1 – «Sobald wir in dieses Universum hineinkatapultiert werden, befinden wir uns auf einer kontinuierlichen Reise, in ständigem Wandel.» Dies schreibt Geigerin Suyeon Kang von der Camerata Bern über ihr neues Programm «On the road» (Zentrum Paul Klee, Bern.

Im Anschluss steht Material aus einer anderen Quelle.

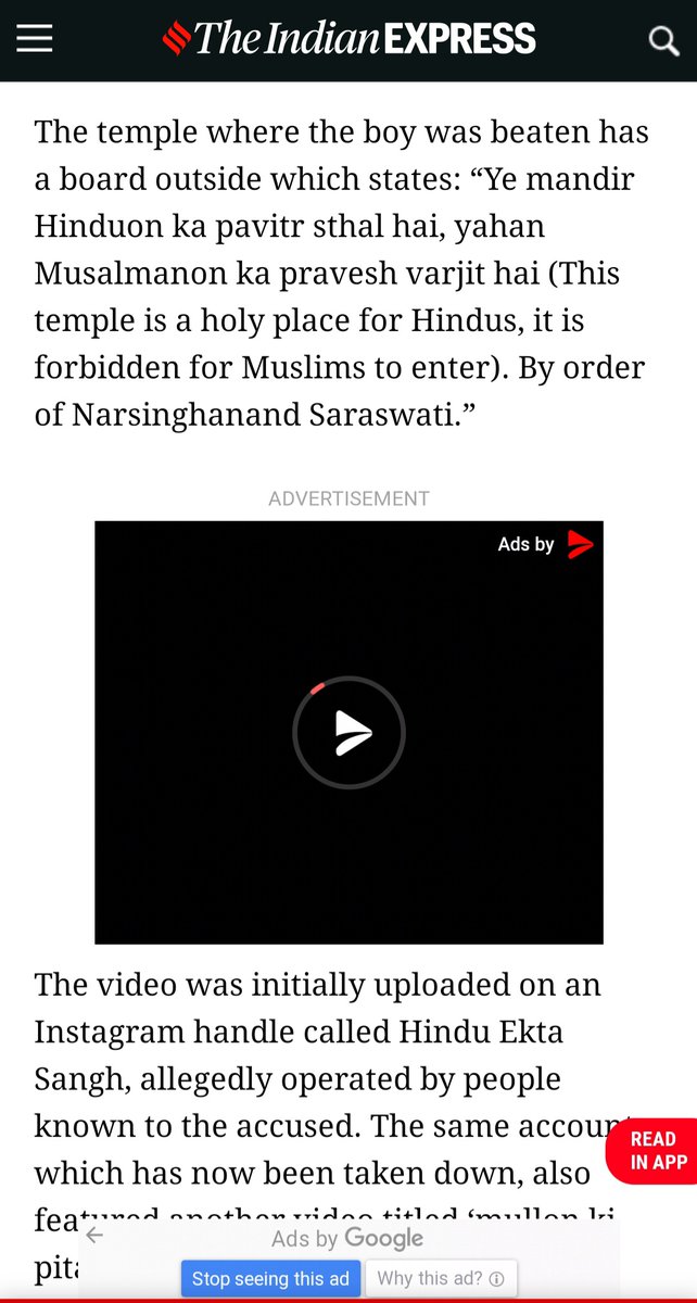 3. Another man said that the temple where the boy named Asif was beaten has a board outside which states: “This temple is a holy place for Hindus, it is forbidden for Muslims"

Sa., 24., und So., 25.5., 17 Uhr) . Vom Heimkommen und Reisen erzählen die ausgewählten Werke von Luigi Boccherini (Streichquintett in C-Dur, op. 30), Alfred Schnittke (Streichquartett Nr. 3) und Johann Sebastian Bach (Präludium Nr. 8, 15 und 16) und Joseph Haydn (Violinkonzert in G-Dur Hob.VIIa:4).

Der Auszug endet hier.